[The task]: Copy every record word for word. The images stay behind.
*** Opening Records for the task ***
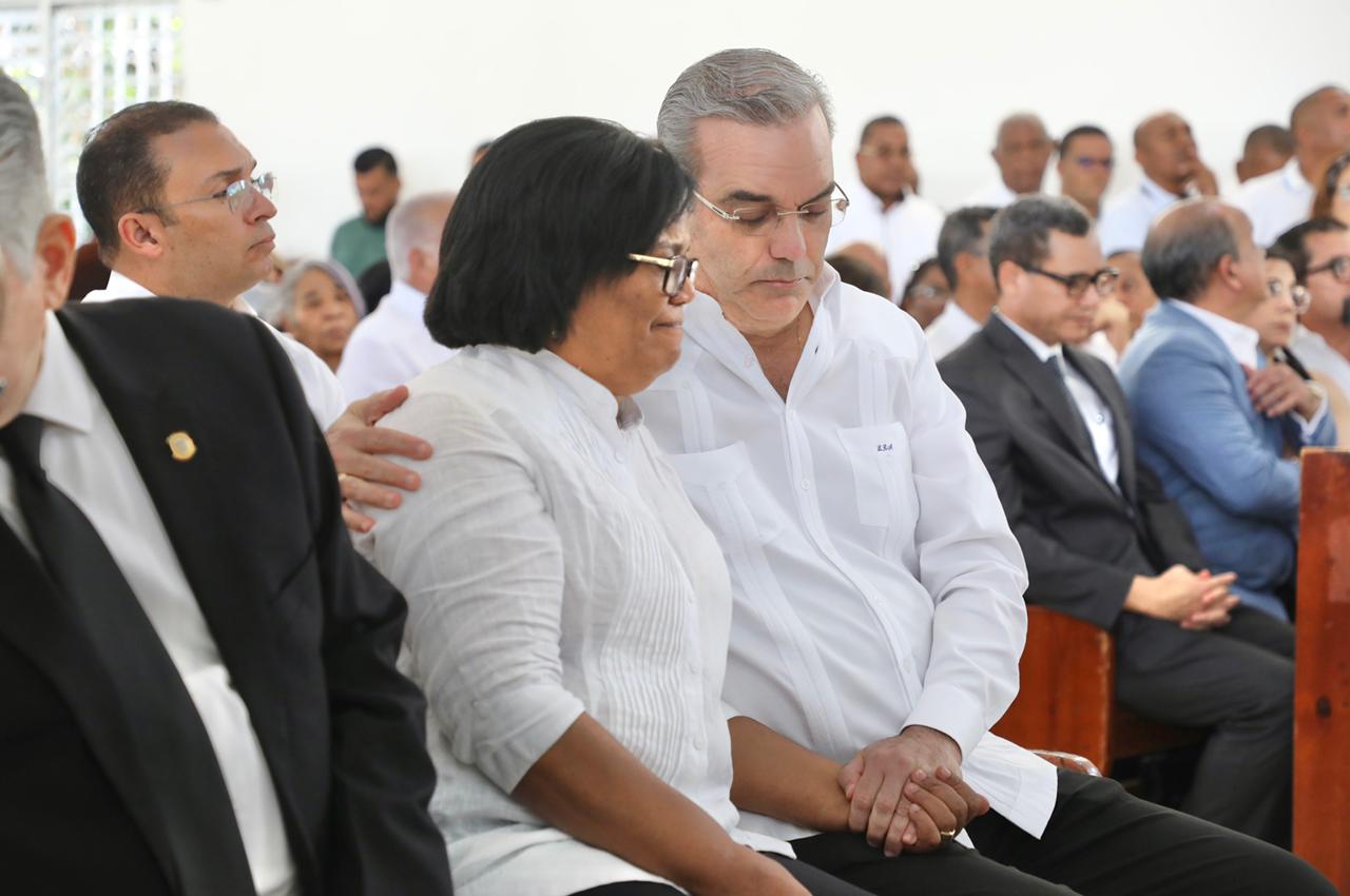 El Presidente Luis Abinader saludó a los familiares al llegar a la parroquia Nuestra Señora de Fátima en el municipio de Galván donde se realizó la misa.
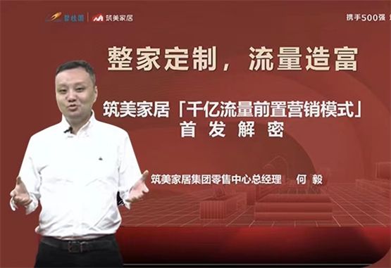 直播会上,筑美家居集团零售中心总经理何毅首先解读筑美家居整家定制新战略,并首发解密筑美家居千亿流量前置营销模式,为当前行业流量困局提出新的解决思路。
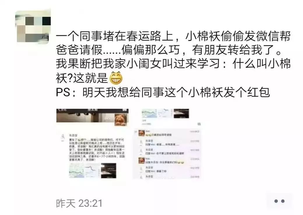 一个同事堵在春运路上,小棉袄偷偷发微信帮爸爸请假……偏偏那么巧,有朋友转给我了。我果断把我家小闺女叫过来学习:什么叫小棉袄?这就是。
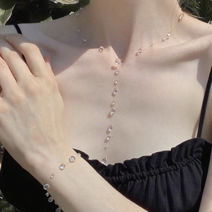 透明な露滴タッセルネックレス
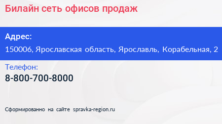 Билайн, сеть офисов продаж по адресу 150006, Ярославская область, Ярославль, Корабельная, 2 в дальнейшем Организация, размещена в следующих категориях:
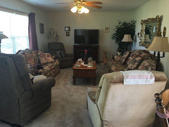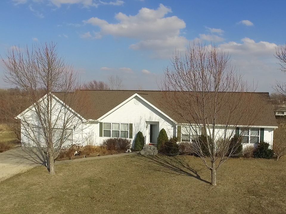 Well-maintained, maintenance free ranch home on 1.5 acres located on a private cul-de-sac. Just outside city limits and close to the Country Club golf course! Nice open floor plan with a beautiful off-the-back deck, walkout basement, two car attached garage (24x28) plus detached (24x24) metal garage/shop with door high enough for camper storage. Two bedrooms, two baths plus a den that could be converted to a third bedroom. Open living, dining, kitchen area, pantry and utility room all on the main floor. Interior includes carpet, ceramic tile floor coverings, newly installed wood laminate and painted Sheetrock walls. Beautiful hardwood cabinets in the kitchen and dining area. The 1,651 sq. ft. walkout basement could easily be finished to meet the buyer's needs. Lot has a view of a pond from the large, attached deck and is beautifully landscaped. City water, Atmos energy gas, Westar Energy electric and country taxes!
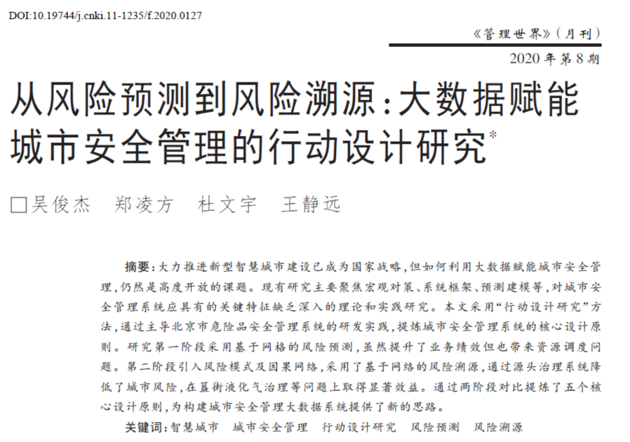 《管理世界》发表了我院吴俊杰教授团队在管理科学与工程方面的最新研究成果“从风险预测到风险溯源:大数据赋能城市安全管理的行动设计研究”。吴俊杰教授为第一作者,博士生郑凌方同学为第二作者,杜文宇副教授为第三及通讯作者,王静远副教授为第四作者。9999js金沙老品牌为第一完成单位。
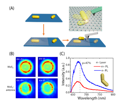 人工微结构和介观物理国家重点实验室“极端光学创新研究团队”吕国伟研究员和龚旗煌院士等在二维材料谷极化发光研究中取得重要进展:利用扫描探针操控纳米颗粒组装成超小型手性光学天线,实现在常温下对单层二硫化钼谷极化发光偏振度与辐射方向的高效调制。相关研究成果在线发表于《科学·发展》上【Steering valley-polarized emission of monolayer MoS2 sandwiched in plasmonic antennas,https://advances.sciencemag.org/content/6/21/eaao0019;DOI: 10.1126/sciadv.aao0019】。
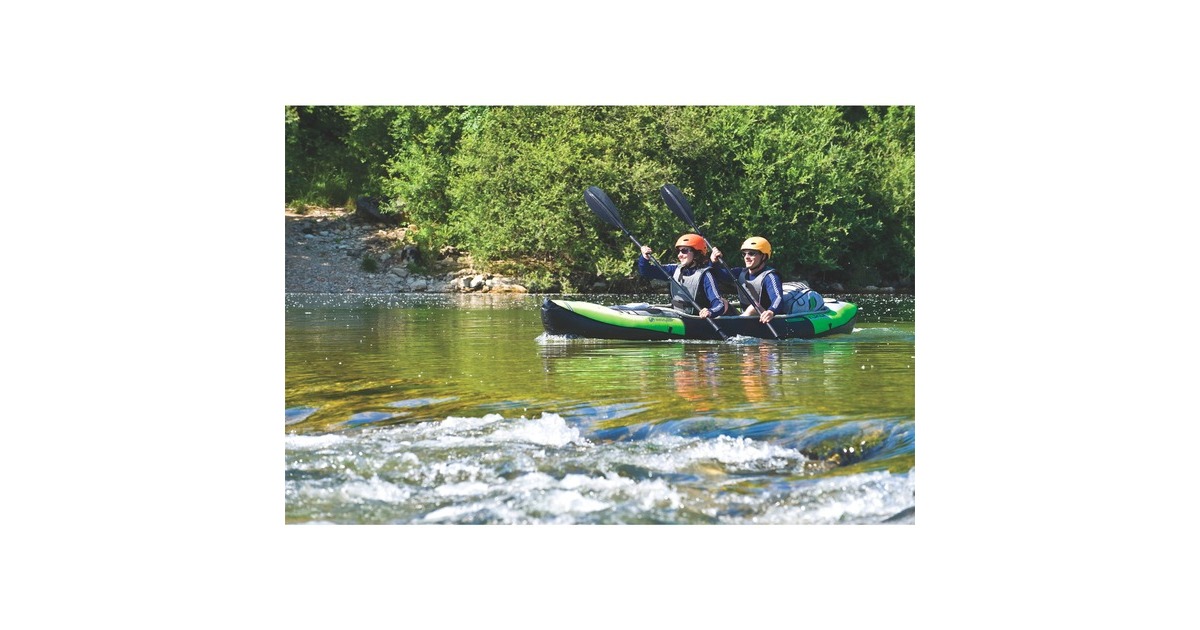 Das Kajak Yukon von Sevylor kombiniert höchsten Fahrkomfort und praktisches Handling mit leichtem Aufblasen der Luftkammern. Hinzu kommen zwei Sitze mit hoher, verstellbarer Rückenlehne, aufblasbarer Sitzfläche und Fußstützen für hohen Sitzkomfort, die bei Bedarf einfach rausgenommen werden können. Das Yukon kann so auch problemlos in ein Ein-Personen-Kajak verwandelt werden. Sowohl Sitz als auch Fußstütze können individuell verstellt werden. Ein großes seitliches Neoprenpolster schützt die Handknöchel beim Paddeln. Im großzügigen Stauraum mit zahlreichen Taschen, wasserdichten Fächern und Spannbändern lässt sich auch umfangreiches Equipment transportieren. Dank der Boston-Ventile ist das Aufpumpen und Entleeren extrem einfach. Das Boston-Ventil ist ein 2-Wege Schraubventil, das die Luft in der Kammer hält. Eine Rückschlagkappe verhindert, dass Luft ausströmt, sobald man den Pumpenschlauch entfernt. Mit dem beiliegenden Manometer lässt sich der Druck nach dem Aufpumpen leicht ablesen. Die abnehmbare Finne sorgt für hervorragende Manövrierbarkeit. Der Boden ist dank des Sevy-Strong Tarpaulin Materials besonders robust und widerstandsfähig. Das Yukon hat entlüftet ein kompaktes Packmaß und kann mit dem innovativen Packsack mit Schulterriemen einfach transportiert werden.Art.-Nr.: 100031291
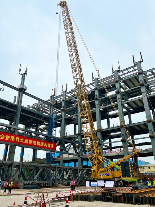 這里是西部(重慶)科學城鋼結構科學會堂工程現場,近日,該工程迎來了重要節點,在數雙目光的注視下,兩臺黃色身影仿佛“心有靈犀”,經過緊密配合,西南地區首例72米大跨度鋼桁架緩緩吊裝就位……
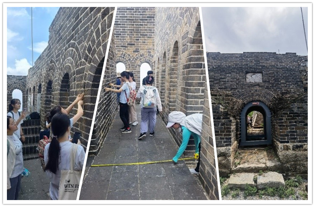 九眼楼位于北京市延庆区四海镇的火焰山主峰,是目前已知的规格最高的明代砖石敌台,旁边还有长城营盘遗址,是一处已经经过修缮整治的考古遗迹。本次调研工作的内容是课程《历史建筑保护专项设计实习》的内容,主要包括长城遗址的形式特点、细部构造、修缮方法及环境整治几方面,同学们现场分组分工进行调研记录。虽然山路曲折,临近结束时又赶上大雨,但同学们热情很高,克服困难完成了工作任务,实习调研顺利结束。此次实习调研得到了学董事长城文化发展研究院汤羽扬教授和公司的大力支持,九眼楼长城景区和北京古代建筑研究所也提供了重要的帮助,本次实践教学使同学们的专业学习和对长城价值的认识都有巨大提升。
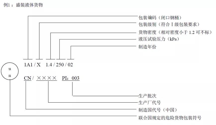 每一個包裝容器必須帶有持久、易辨認以及與包裝規格相比大小適當的明顯標記,對于毛重超過30kg或體積超過30L的包裝,在其頂部或邊上必須有標記;標記字母、數字和符號的高度必須≥12mm。包裝件毛重小于等于30kg或體積小于等于30L時,標記字母≥6mm。5kg或5L以下的包裝也必須有適當大小的標記。
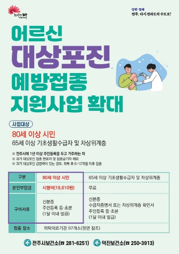 [뉴스노크=김인호 기자] 기초생활수급자와 차상위계층만 가능했던 전주시 ‘어르신 대상포진 예방접종’ 대상이 80세 이상 시민까지 확대됐다.
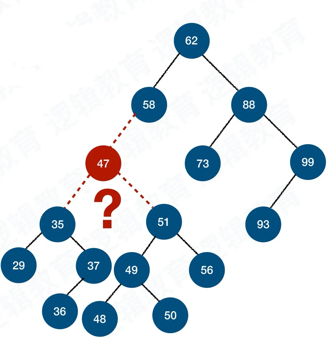 - 第四个元素47<62,找到结点62的左子树根结点58,47<58,结点47左右结点58的左孩子;
*** Closing Records for the task ***
[Solution]:
 El Presidente Luis Abinader saludó a los familiares al llegar a la parroquia Nuestra Señora de Fátima en el municipio de Galván donde se realizó la misa.
 直播会上,筑美家居集团零售中心总经理何毅首先解读筑美家居整家定制新战略,并首发解密筑美家居千亿流量前置营销模式,为当前行业流量困局提出新的解决思路。
 一个同事堵在春运路上,小棉袄偷偷发微信帮爸爸请假……偏偏那么巧,有朋友转给我了。我果断把我家小闺女叫过来学习:什么叫小棉袄?这就是。
 透明な露滴タッセルネックレス
 Билайн, сеть офисов продаж по адресу 150006, Ярославская область, Ярославль, Корабельная, 2 в дальнейшем Организация, размещена в следующих категориях:
 Well-maintained, maintenance free ranch home on 1.5 acres located on a private cul-de-sac. Just outside city limits and close to the Country Club golf course! Nice open floor plan with a beautiful off-the-back deck, walkout basement, two car attached garage (24x28) plus detached (24x24) metal garage/shop with door high enough for camper storage. Two bedrooms, two baths plus a den that could be converted to a third bedroom. Open living, dining, kitchen area, pantry and utility room all on the main floor. Interior includes carpet, ceramic tile floor coverings, newly installed wood laminate and painted Sheetrock walls. Beautiful hardwood cabinets in the kitchen and dining area. The 1,651 sq. ft. walkout basement could easily be finished to meet the buyer's needs. Lot has a view of a pond from the large, attached deck and is beautifully landscaped. City water, Atmos energy gas, Westar Energy electric and country taxes!
 《管理世界》发表了我院吴俊杰教授团队在管理科学与工程方面的最新研究成果“从风险预测到风险溯源:大数据赋能城市安全管理的行动设计研究”。吴俊杰教授为第一作者,博士生郑凌方同学为第二作者,杜文宇副教授为第三及通讯作者,王静远副教授为第四作者。9999js金沙老品牌为第一完成单位。
 人工微结构和介观物理国家重点实验室“极端光学创新研究团队”吕国伟研究员和龚旗煌院士等在二维材料谷极化发光研究中取得重要进展:利用扫描探针操控纳米颗粒组装成超小型手性光学天线,实现在常温下对单层二硫化钼谷极化发光偏振度与辐射方向的高效调制。相关研究成果在线发表于《科学·发展》上【Steering valley-polarized emission of monolayer MoS2 sandwiched in plasmonic antennas,https://advances.sciencemag.org/content/6/21/eaao0019;DOI: 10.1126/sciadv.aao0019】。
 Das Kajak Yukon von Sevylor kombiniert höchsten Fahrkomfort und praktisches Handling mit leichtem Aufblasen der Luftkammern. Hinzu kommen zwei Sitze mit hoher, verstellbarer Rückenlehne, aufblasbarer Sitzfläche und Fußstützen für hohen Sitzkomfort, die bei Bedarf einfach rausgenommen werden können. Das Yukon kann so auch problemlos in ein Ein-Personen-Kajak verwandelt werden. Sowohl Sitz als auch Fußstütze können individuell verstellt werden. Ein großes seitliches Neoprenpolster schützt die Handknöchel beim Paddeln. Im großzügigen Stauraum mit zahlreichen Taschen, wasserdichten Fächern und Spannbändern lässt sich auch umfangreiches Equipment transportieren. Dank der Boston-Ventile ist das Aufpumpen und Entleeren extrem einfach. Das Boston-Ventil ist ein 2-Wege Schraubventil, das die Luft in der Kammer hält. Eine Rückschlagkappe verhindert, dass Luft ausströmt, sobald man den Pumpenschlauch entfernt. Mit dem beiliegenden Manometer lässt sich der Druck nach dem Aufpumpen leicht ablesen. Die abnehmbare Finne sorgt für hervorragende Manövrierbarkeit. Der Boden ist dank des Sevy-Strong Tarpaulin Materials besonders robust und widerstandsfähig. Das Yukon hat entlüftet ein kompaktes Packmaß und kann mit dem innovativen Packsack mit Schulterriemen einfach transportiert werden.Art.-Nr.: 100031291
 這里是西部(重慶)科學城鋼結構科學會堂工程現場,近日,該工程迎來了重要節點,在數雙目光的注視下,兩臺黃色身影仿佛“心有靈犀”,經過緊密配合,西南地區首例72米大跨度鋼桁架緩緩吊裝就位……
 九眼楼位于北京市延庆区四海镇的火焰山主峰,是目前已知的规格最高的明代砖石敌台,旁边还有长城营盘遗址,是一处已经经过修缮整治的考古遗迹。本次调研工作的内容是课程《历史建筑保护专项设计实习》的内容,主要包括长城遗址的形式特点、细部构造、修缮方法及环境整治几方面,同学们现场分组分工进行调研记录。虽然山路曲折,临近结束时又赶上大雨,但同学们热情很高,克服困难完成了工作任务,实习调研顺利结束。此次实习调研得到了学董事长城文化发展研究院汤羽扬教授和公司的大力支持,九眼楼长城景区和北京古代建筑研究所也提供了重要的帮助,本次实践教学使同学们的专业学习和对长城价值的认识都有巨大提升。
 每一個包裝容器必須帶有持久、易辨認以及與包裝規格相比大小適當的明顯標記,對于毛重超過30kg或體積超過30L的包裝,在其頂部或邊上必須有標記;標記字母、數字和符號的高度必須≥12mm。包裝件毛重小于等于30kg或體積小于等于30L時,標記字母≥6mm。5kg或5L以下的包裝也必須有適當大小的標記。
 [뉴스노크=김인호 기자] 기초생활수급자와 차상위계층만 가능했던 전주시 ‘어르신 대상포진 예방접종’ 대상이 80세 이상 시민까지 확대됐다.
 - 第四个元素47<62,找到结点62的左子树根结点58,47<58,结点47左右结点58的左孩子;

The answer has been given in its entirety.